Using File Relationships in Malware Classification
- Nikos Karampatziakis ,
- Jack W. Stokes ,
- Anil Thomas ,
- Mady Marinescu
Proceedings of Conference on Detection of Intrusions and Malware & Vulnerability Assessment |
Published by Springer
Typical malware classification methods analyze unknown files in isolation. However, malware does not exist in a vacuum. It is often packaged in container files such as zip archives. Other malware drops, or even downloads new files to the victim’s hard drive. We present a new malware classification system based on a graph induced by file relationships. In this paper we analyze archives exhibiting containment, a relationship for which we have much available data. However our method is quite general and can be applied to other types of file relationships.
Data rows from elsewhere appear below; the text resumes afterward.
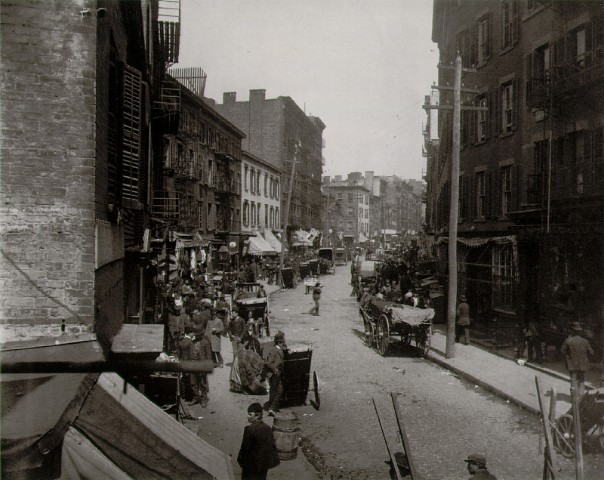 Mulberry Bend in 1896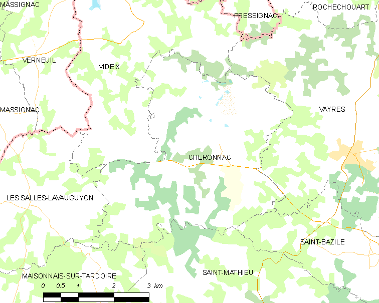 Map of French municipality Chéronnac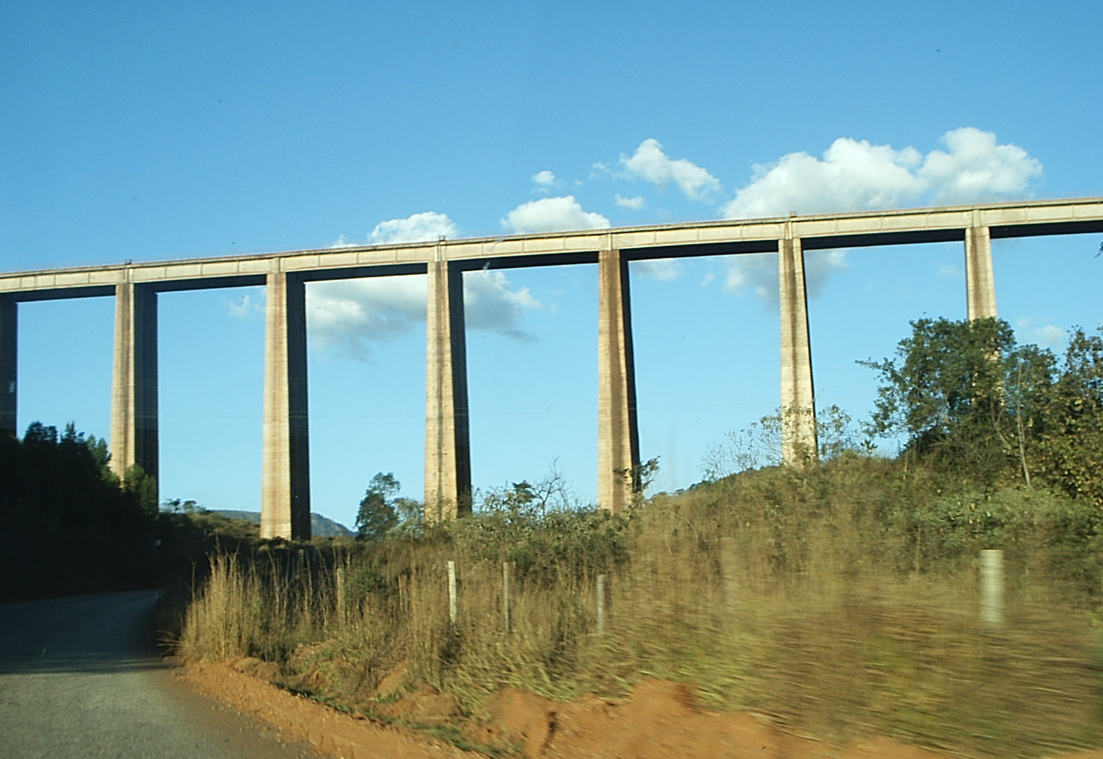 Gerdau-Acominas Bridge - Ouro Branco, Minas Gerais, Brazil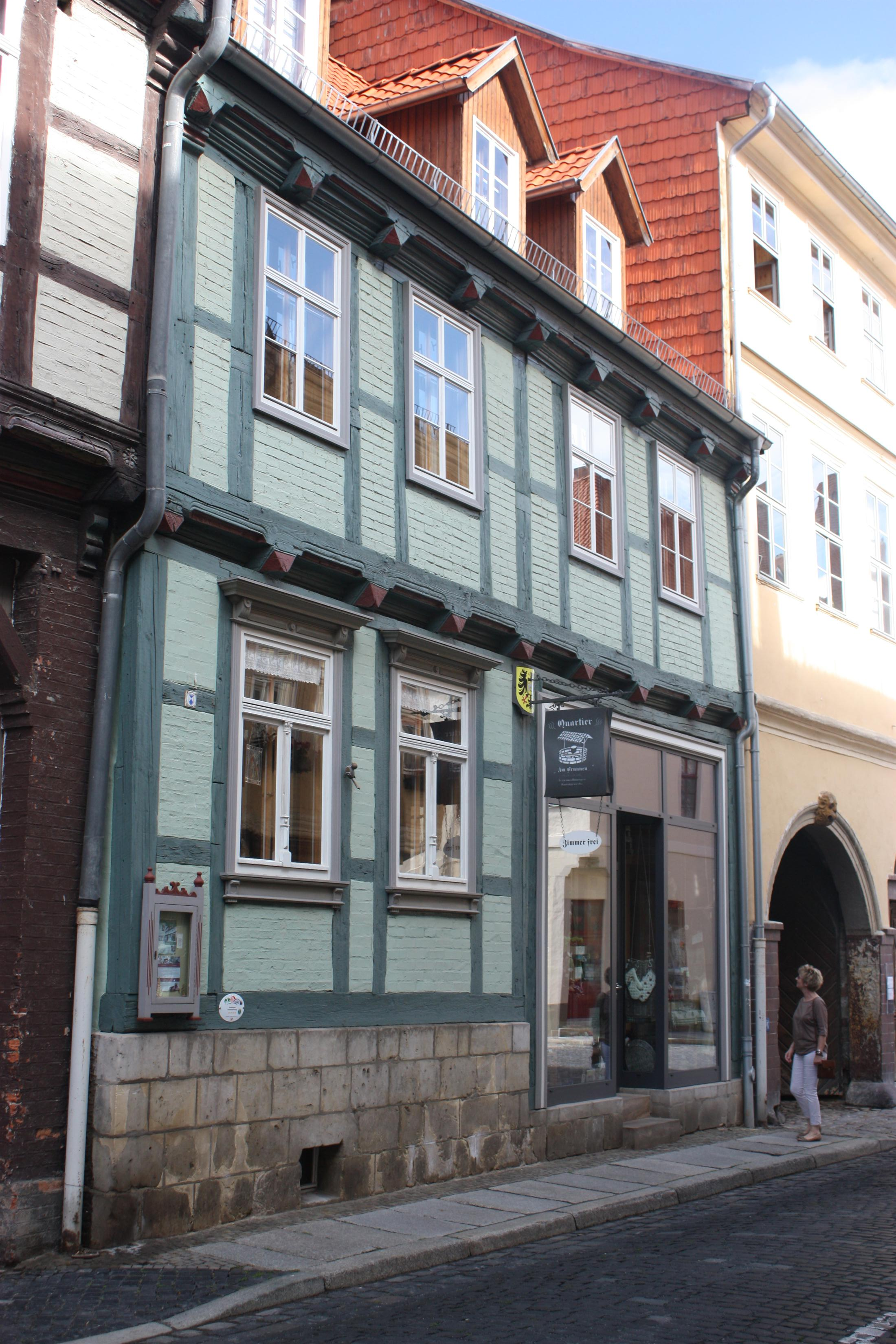 This is a photograph of an architectural monument.It is on the list of cultural monuments of Quedlinburg Hohe Straße 26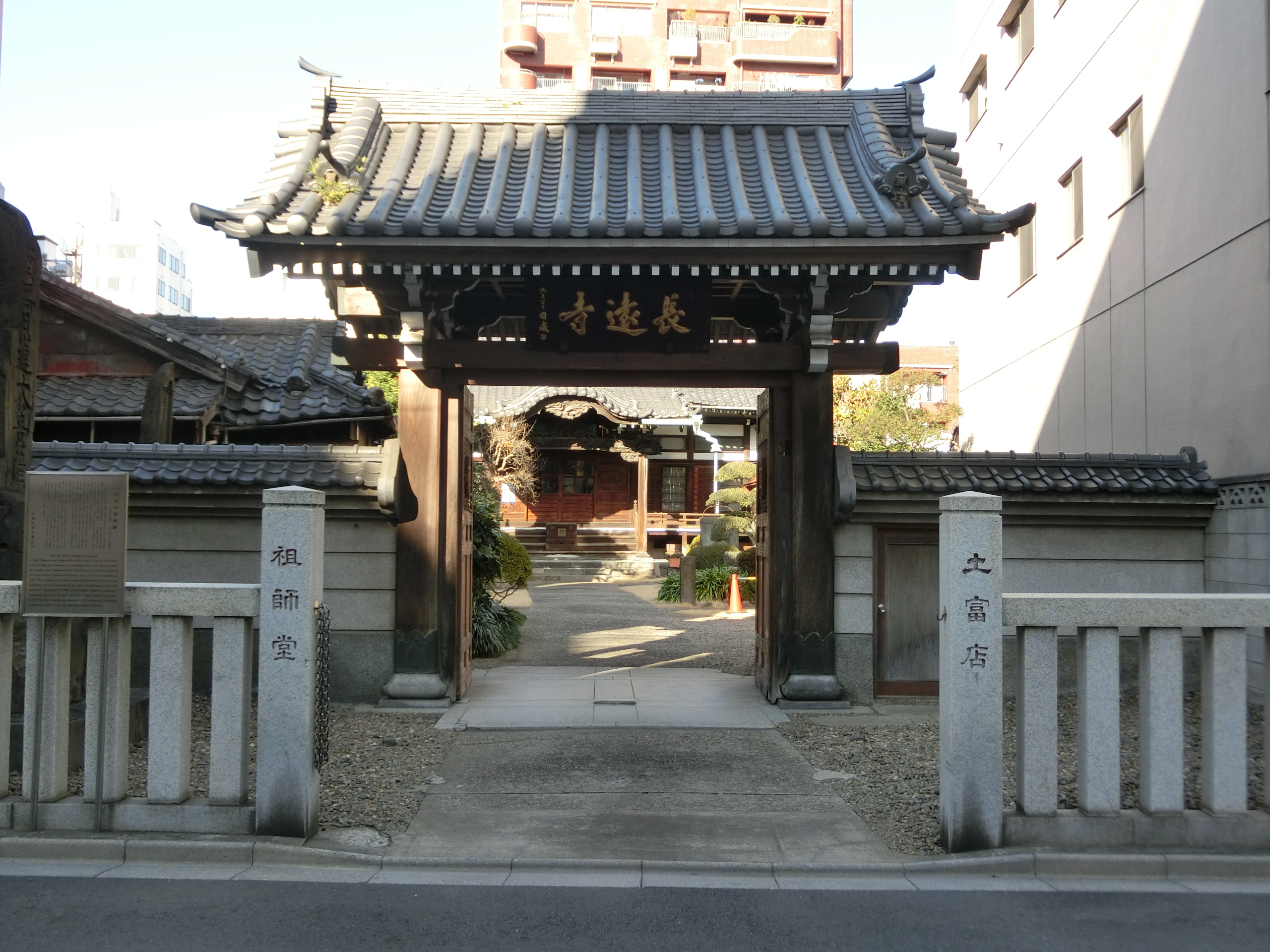 Choon-ji (Taito)

We face two key challenges in this work: we seek a method which can evaluate unknown files quickly and train the system with a very large, bipartite graph including over 719 thousand containers and 3.4 million files. To improve file classification, we propagate information along the edges of the graph and assign malware probabilities to all files, regardless of whether they are infectious or not. As a first step, we propose several methods to classify the containers; these algorithms are based on our initial, baseline probability estimates for each individual file in the archive being malicious. Next, we present a new, highly scalable, file relationship malware classifier which improves the baseline probability estimate for each it individual file based on the malware probabilities of each archive containing the file and the initial baseline estimate. We show that since malicious files are often included in multiple malware containers, the system’s detection accuracy can be significantly improved, particularly at low false positive rates which are the main operating points for automated malware classifiers. For example at a false positive rate of 0.2%, the false negative rate decreases from 42.1% to 15.2%. Finally, the new system is highly scalable; our basic implementation can train both our classifiers in a total of 16 minutes.